-----Mensagem original-----
De: Johan Corveleyn [mailto:jcorvel_at_gmail.com]
Enviada em: sexta-feira, 7 de outubro de 2011 19:16
Para: Diego de Oliveira Fucitalo
Cc: users_at_subversion.apache.org
Assunto: Re: RES: RES: Using SSL
[ Please don't top-post on this list, but put your reply inline or at the bottom. Re-arranging your reply ... more below. ]
> -----Mensagem original-----
> De: Johan Corveleyn [mailto:jcorvel_at_gmail.com] Enviada em:
> sexta-feira, 7 de outubro de 2011 18:41
> Para: Diego de Oliveira Fucitalo
> Cc: users_at_subversion.apache.org
> Assunto: Re: RES: RES: Using SSL
>
>> On Friday 07 October 2011 09:17 PM, Diego de Oliveira Fucitalo wrote:
>>
>> Hi, after accept never ask .. but I would like configure for never
>> ask
>
> This is possible, but only if you have some control over the "client configuration" of your users (the so-called "Runtime Configuration Area"). In the "servers" file, you can set the property "ssl-authority-files" to a file containing trusted CA certificates [1]. There is also "ssl-trust-default-ca": "Set this variable to yes if you want Subversion to automatically trust the set of default CAs that ship with OpenSSL."
>
> On *nix, you can configure this system-wide, in /etc/subversion/servers. On Windows, this can also be done system-wide (but only through the registry [2], I believe).
>
>
> [1]
> http://svnbook.red-bean.com/en/1.6/svn.advanced.confarea.html#svn.adva
> nced.confarea.opts.servers [2]
> http://svnbook.red-bean.com/en/1.6/svn.advanced.confarea.html#svn.adva
> nced.confarea.windows-registry
> --
On Fri, Oct 7, 2011 at 11:43 PM, Diego de Oliveira Fucitalo <diego_at_gsw.com.br> wrote:
> Hi,
>
> I creat the file servers in /etc/subversion with:
>
> [global]
> #ssl-trust-default-ca = true
> ssl-ignore-unknown-ca = true
> ssl-authority-files =
> /etc/httpd/conf.d/certificados/intermediarios.cer
>
> But, don't work.
You might have to experiment a bit before it works. I got this working at my company, but I remember I had to configure Apache to send the entire certificate chain (not only the server's certificate itself).

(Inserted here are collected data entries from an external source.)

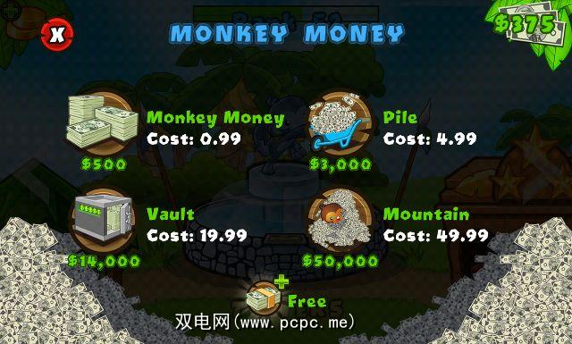 您可以赚钱通过完成关卡可以同时获得代币和猴子钱,并且每天第一次启动游戏时都会获得一些猴子钱。您还可以从游戏内商店购买代币和猴子钱。您可以从$ 0.99的价格购买一些猴子代币,或者一路攀升至$ 49.99的猴子币。到目前为止,我还没有在货币上花费任何钱,而且我的进步非常快。
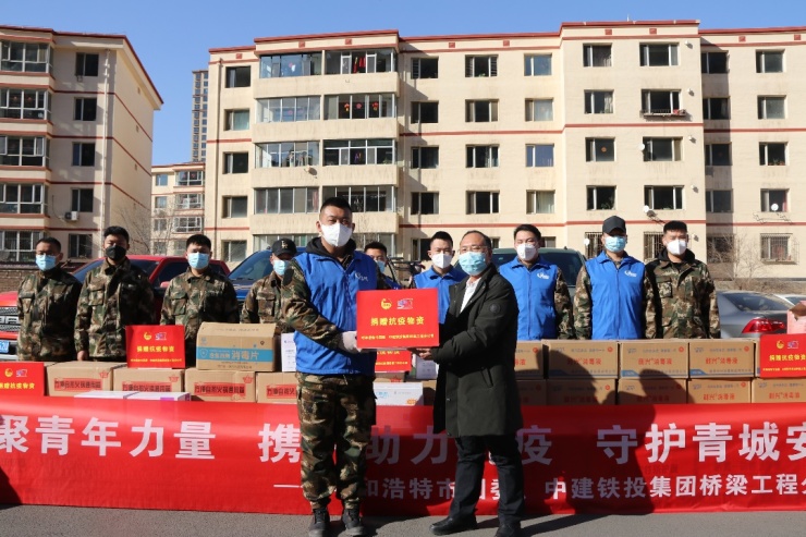在新冠确诊病例持续增加的情况下,中建铁投集团桥梁工程分公司主动对接呼和浩特市团委,了解当前抗疫紧缺物资,连夜紧急筹备、调动物资。
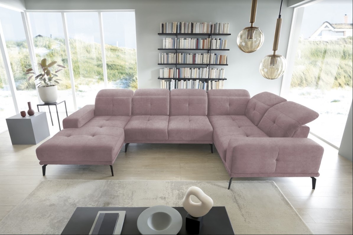 Vytvorte si z obývacej izby atraktívny priestor s dizajnovou sedacou súpravou v tvare U. Vďaka vysokým čiernym nohám pôsobí konštrukcia sedačky odľahčene, pričom však nestráca na stabilite. Mimoriadny dizajn dodáva pohovke ozdobné prešívanie na celej ploche sedenia a komfort užívania zvyšuje možnosť polohovania hlavovej opierky.  Vďaka čalúnenej zadnej strane je vhodná aj do priestoru. Spravte si z obývacej izby harmonický a zladený celok vďaka originálnej sedačke NEVIRO v pravom prevedení.
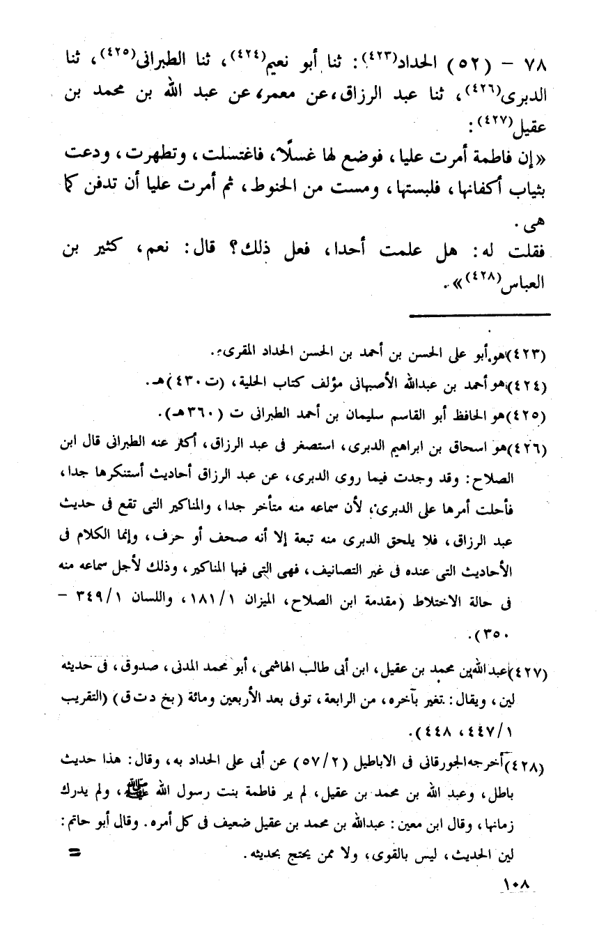 78 - (52) الْحداد: ثَنَا أَبُو نعيم، ثَنَا الطَّبَرَانِيّ، ثَنَا الدبرِي، ثَنَا عبد الرَّزَّاق، عَن معمر، عَن عبد الله بن مُحَمَّد بن عقيل: " إِن فَاطِمَة أمرت عليا، فَوضع لَهَا غسلا، فاغتسلت، وتطهرت، ودعت بِثِيَاب أكفانها، فلبستها، ومست من الحنوط، ثمَّ أمرت عليا أَن تدفن كَمَا هِيَ. فَقلت لَهُ: هَل علمك أحدا، فعل ذَلِك؟ قَالَ: نعم، كثير بن الْعَبَّاس ".

See the SSLCertificateChainFile directive of Apache.
But just to be clear: this /etc/subversion/servers file needs to be installed on the client machine (where the svn client is running). If those clients are on Unix machines, you can configure it in /etc/subversion/servers (or in the ~/.subversion directory of your users). If your users are Windows users, you need to get this configuration on each and every one of their client pc's.
--
Johan
I configured the SSLCertificateChainFile, because i have other sites work with ssl, only svn don't work.